Exercise requirements »
Reproduce the listing below exactly, beginning with its first line and ending with the line that holds "14k Gold Two-tone"; pictures are not part of the copy.

Stored data »
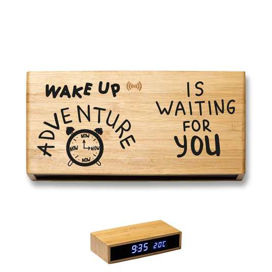 Wake up - Sveglia Digitale in Bambù con Orologio da Tavolo
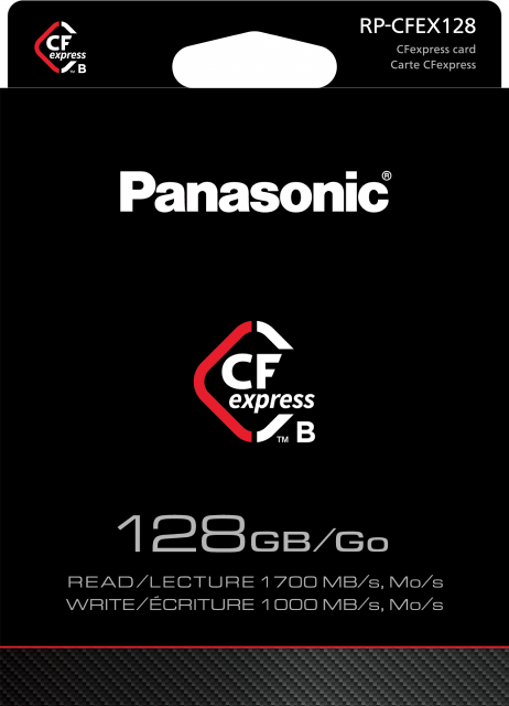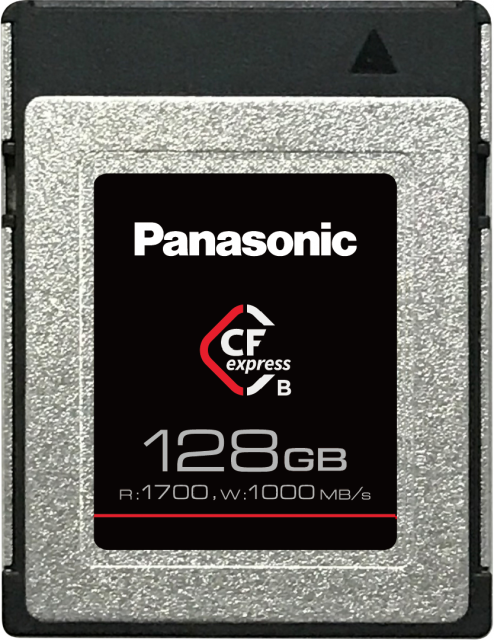 A Panasonic professzionális CFexpress 128 GB-os CF-kártyája nagy olvasási/írási sebességgel, amelyet hosszú távú használatra és biztonságos rögzítésre terveztek.
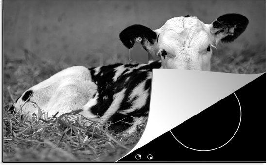 Inductie mat - Schattig kalfje van een Friese koe ligt in het stro - zwart wit - Inductie afdekplaat - Keuken
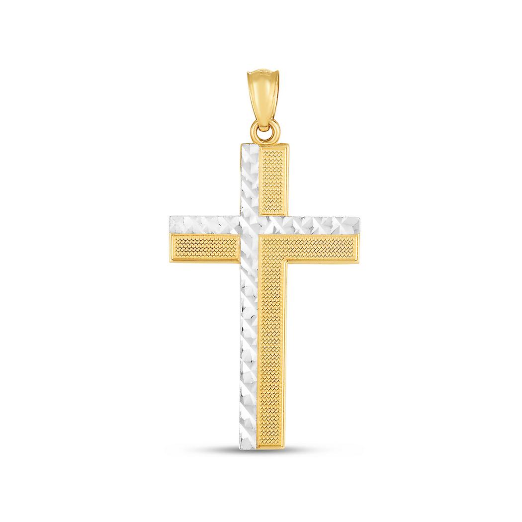 14k Gold Two-tone Sparkle-Cut Religious Faith Cross Pendant Necklace Pendant for Women - 2.3 Grams
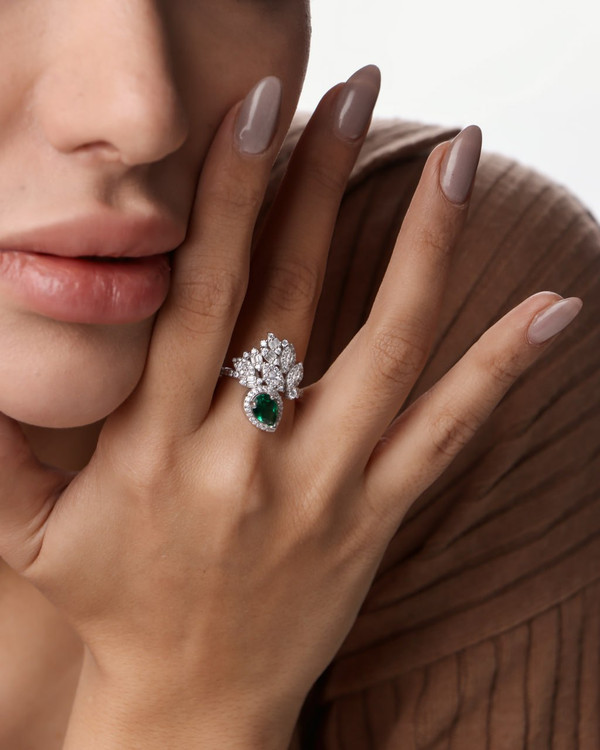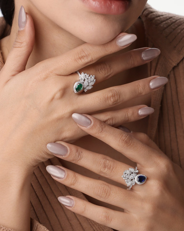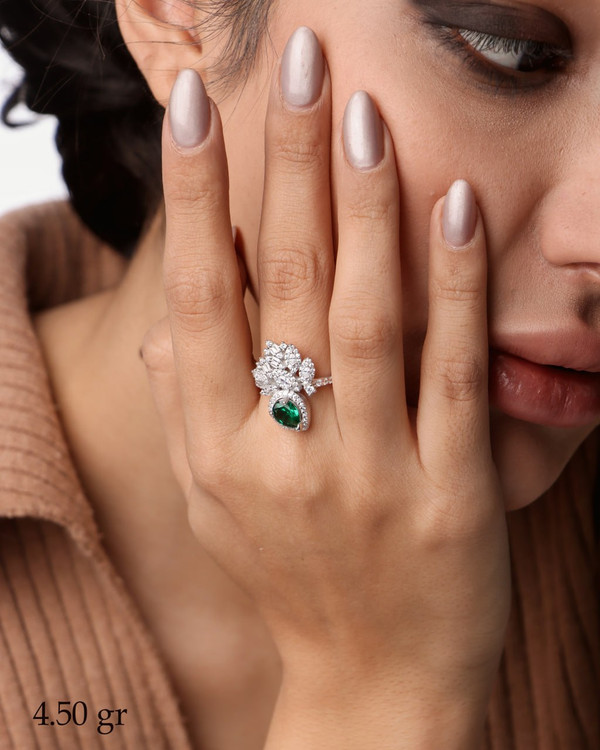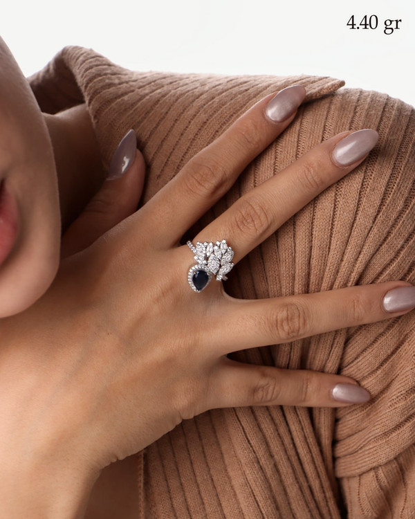 اگر بهدنبال یک انگشتر لوکس، درخشان و خاص هستید که ظاهری کاملاً مشابه طلا سفید داشته باشد، این انگشتر جواهری نقره ۹۲۵ عیار با نگینهای مارکیز بهترین انتخاب برای شماست. طراحی ظریف و چیدمان هنرمندانهی نگینهای مارکیز، جلوهای فوقالعاده چشمگیر و مجلسی به این انگشتر بخشیده است.

Your solution »
 Wake up - Sveglia Digitale in Bambù con Orologio da Tavolo
 A Panasonic professzionális CFexpress 128 GB-os CF-kártyája nagy olvasási/írási sebességgel, amelyet hosszú távú használatra és biztonságos rögzítésre terveztek.
 Inductie mat - Schattig kalfje van een Friese koe ligt in het stro - zwart wit - Inductie afdekplaat - Keuken
 14k Gold Two-tone Sparkle-Cut Religious Faith Cross Pendant Necklace Pendant for Women - 2.3 Grams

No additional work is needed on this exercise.